Micro-Services Architecture for an ETL data pipeline handling 600 GB+ and 30 million+ data entities.
This repo outlines the architecture of an ETL data pipeline and the microservices architecture that implements it.
The pod specs and diagram of the system are included in kubernetes directory, however the actual python code base, proto schema for Google Protobuf data structures are propietary and not included.
The entire system runs on Linux-Fedora24, data replication is implemented using Gluster File System that maintain data bricks and replicas of each brick on each node of the system.
The cluster consists of a single master which host the Kubernetes critical services, and any number of nodes which can be scaled horizontally to decrease processing time.
Implemented using Kubernetes Pods and Services which create a reliable consistent point of contact for pods to interact without hardcoded IP addresses needed.
Replication controllers were not included, although they would have increased resilience of the system by starting pods that went down.
The diagram depicts the ETL architecture, but in short:
Market data was accessed via query of an 3rd party API. The pod running this service did so in a simulated Ubuntu environment running a windows emulator and the 3rd party software IQFEED
Fetch Data pod extracts market data from IQFEED based on query arguments including options, stocks, and dividends.
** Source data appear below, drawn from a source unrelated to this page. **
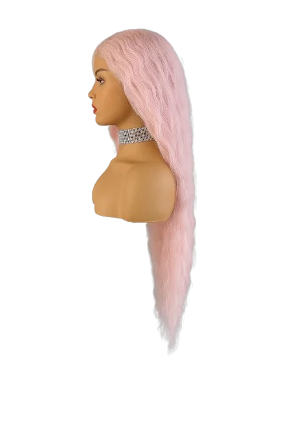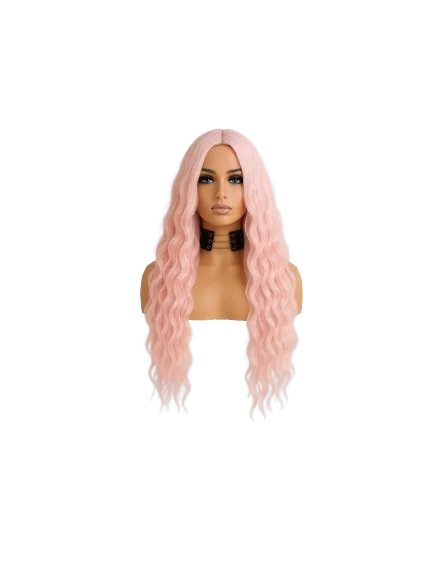 Įspūdingas ilgas rožinis sintetinis perukas, skirtas ryškioms asmenybėms,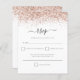 A value for money BUDGET alternative on a smaller size 4.5 x 5.6” semi-gloss 110lbs weight, which is of similar thickness to a postcard (however is not suitable to use as a postcard.). PLEASE NOTE there is ONE invite per sheet. Budget Rose Gold Glitter script Wedding RSVP.. A faux glitter border at the top on both sides with an elegant script with swashes for the header.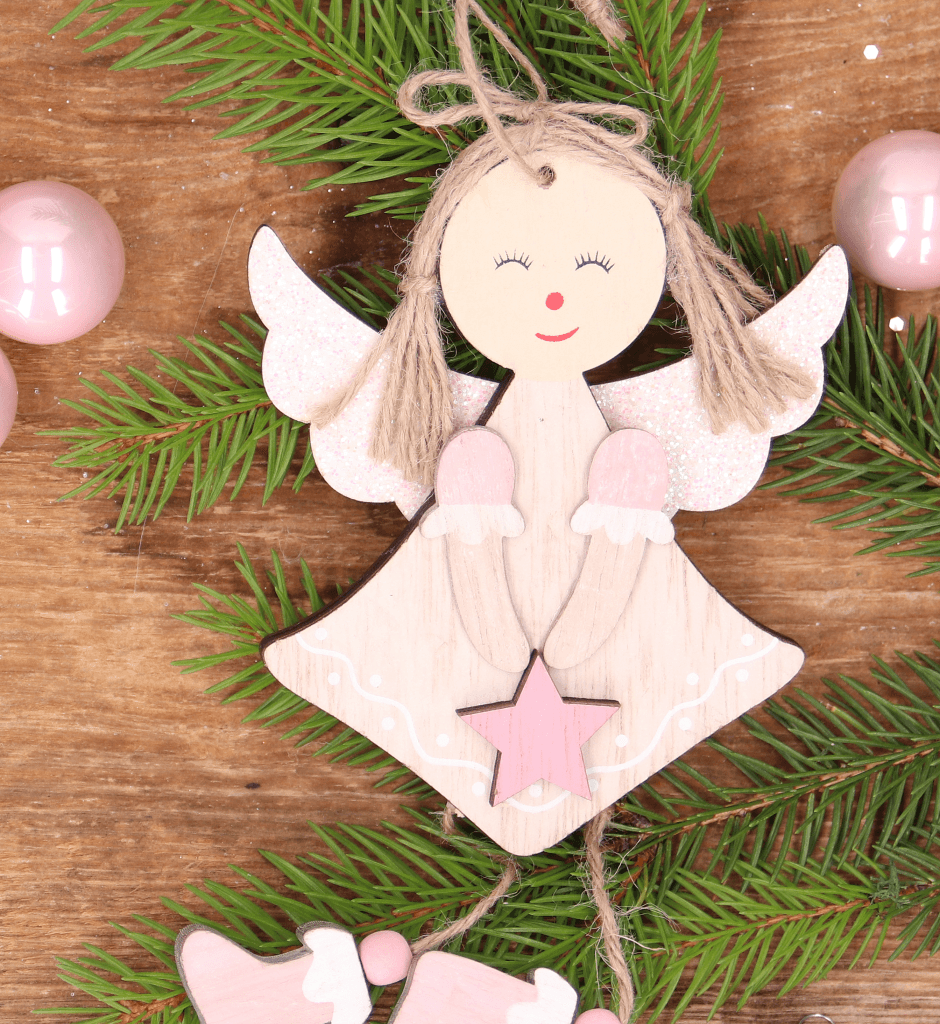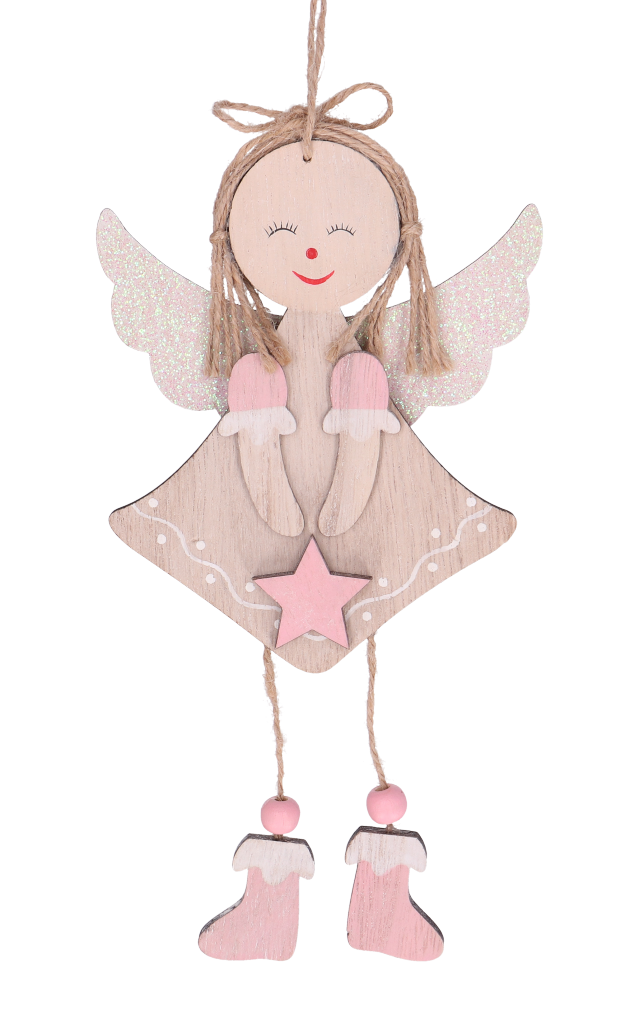 Drewniana zawieszka na choinkę aniołek różowy 21cm
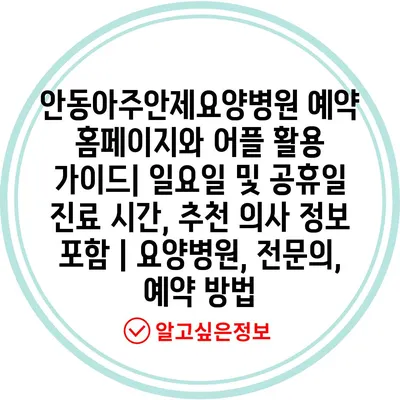 안동아주안제요양병원 예약 홈페이지와 어플 활용 설명서| 일요일 및 공휴일 진료 시간, 추천 의사 정보 포함 | 요양병원, 전연락, 예약 방법 에 대해 자주 묻는 질문 TOP 5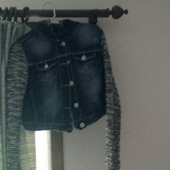 Blue denim jacket with black and white striped sweater sleeves in excellent shape.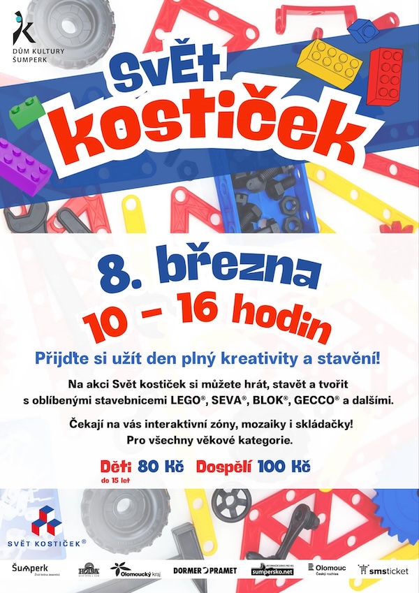 Pokud přijdete v sobotu do Domu kultury Šumperk, můžete se těšit na Svět kostiček – prostor plný plastových polytechnických stavebnic, skládaček a společenských her. K dispozici budou oblíbené značky jako LEGO®, SEVA®, BLOK®, GECCO® a další. Připraveny budou také interaktivní zóny, kreativní mozaiky i originální skládačky. Akce je určena všem vášnivým stavitelům bez věkového omezení. Vstupenky si můžete koupit na webu.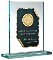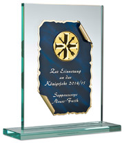 NEU: Trophy aus hochwertigem Kristallglas (10 mm stark mit geschliffenen Kanten) mit Aluminiumauflage, Sportmotiven Ihrer Wahl, individueller Beschriftung (30 kostenlose Gravurzeichen) und kostenloser Gravur des Vereinsnamens.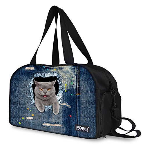 -. Title : Youngerbaby Cute Denim Cat Print Bag Lightweight Travel Outdoor Overnight Handbag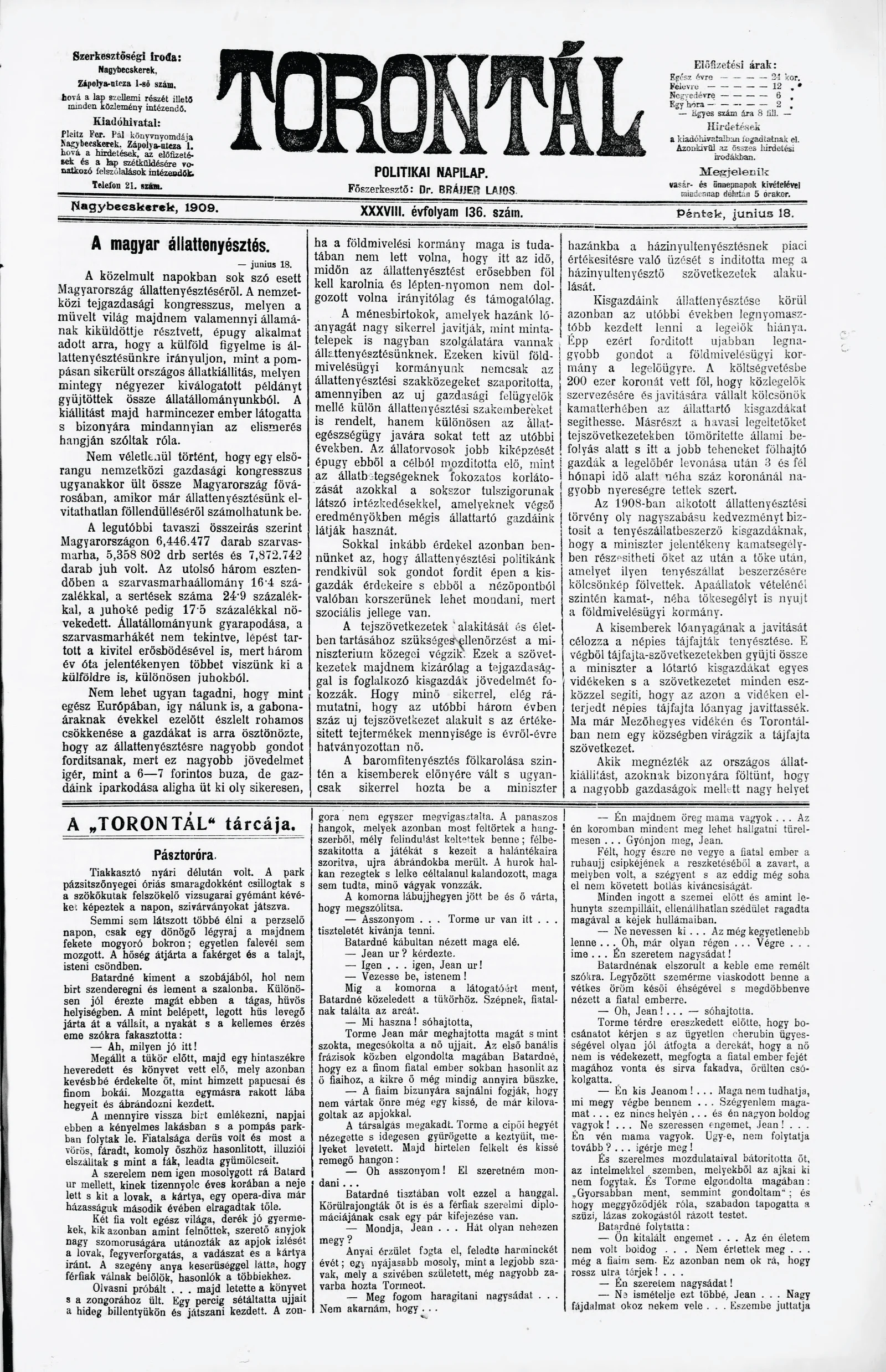 Torontál, 38. évf. 1909. június 18. 136. sz.
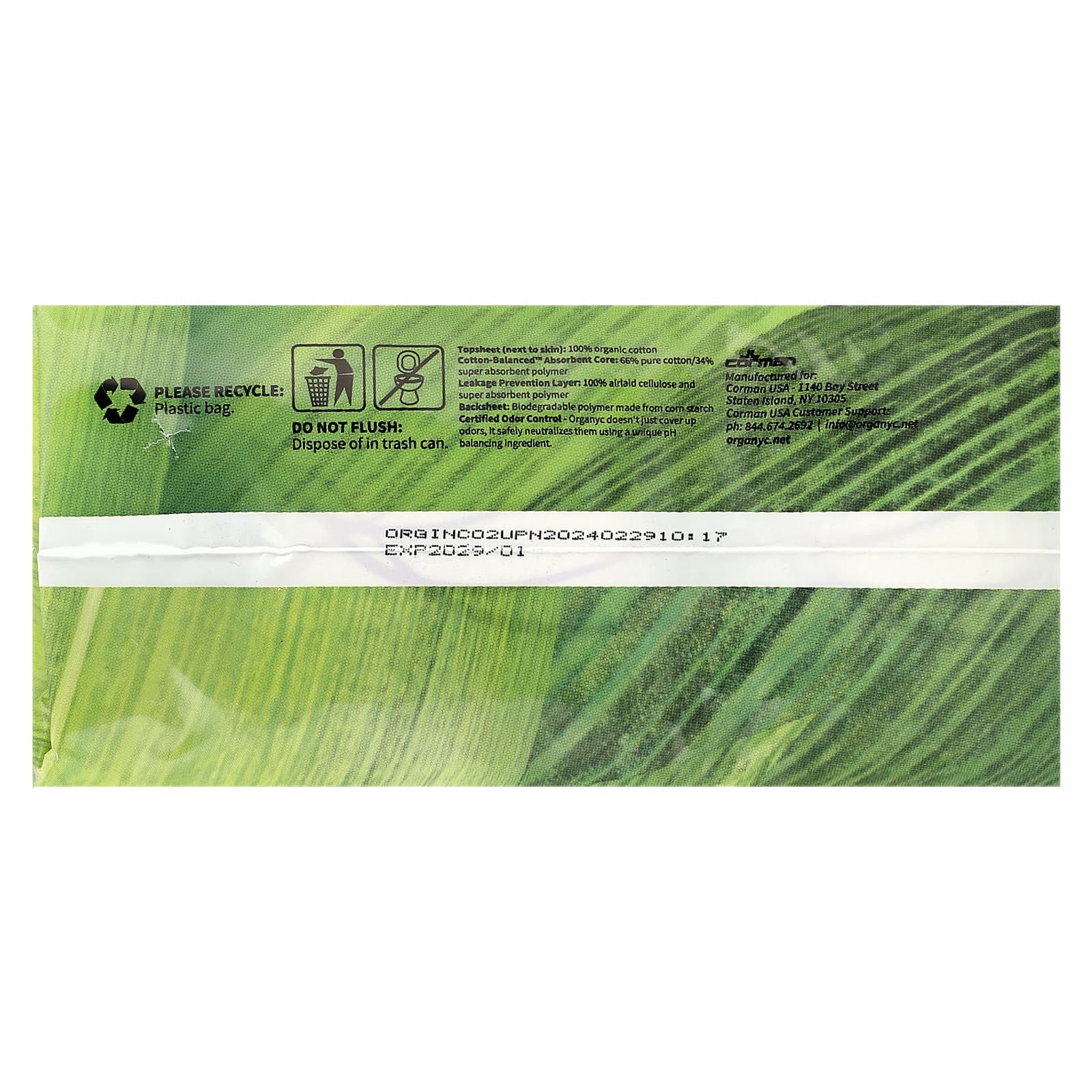Абсорбирующая сердцевина Cotton-Balanced ™: 56% чистый хлопок / 34% супервпитывающий полимер.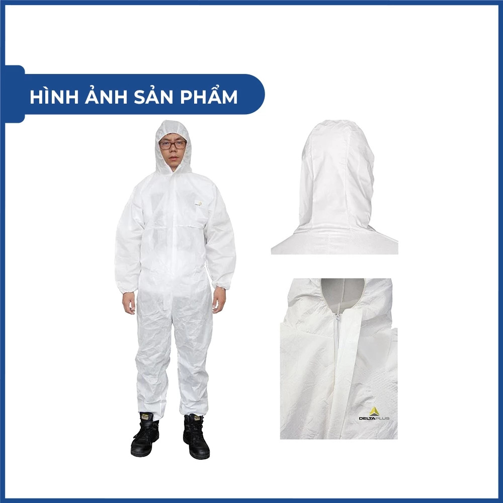 QUẦN ÁO CHỐNG HÓA CHẤT DELTAPLUS DT117 - Chất liệu: Vải không dệt DELTATEK 5000 (70% polypropylene + 30 % polyethylene) - Chống tất cả các loại bụi, vi khuẩn độc hại và hóa chất

Serializes data into SSDB-FEED (level DB like database) data persists not in the pod but in an attached Gluster Volume and replicated on all hosts.
PostProcessing Pod pulled data from SSDB-FEED and transformed further by retrieving detailed options data, adding libor interest rate, and pairing stock option trades with the nearest underlying stock value. Data is serialized into SSDB-POST (underlying gluster volume) and similarly replicated.
XLServer Pod is a server programmed to respond to queries from user Excel sheets, query SSDB-FEED and SSDB-POST and perform additional transformations and data comparisons.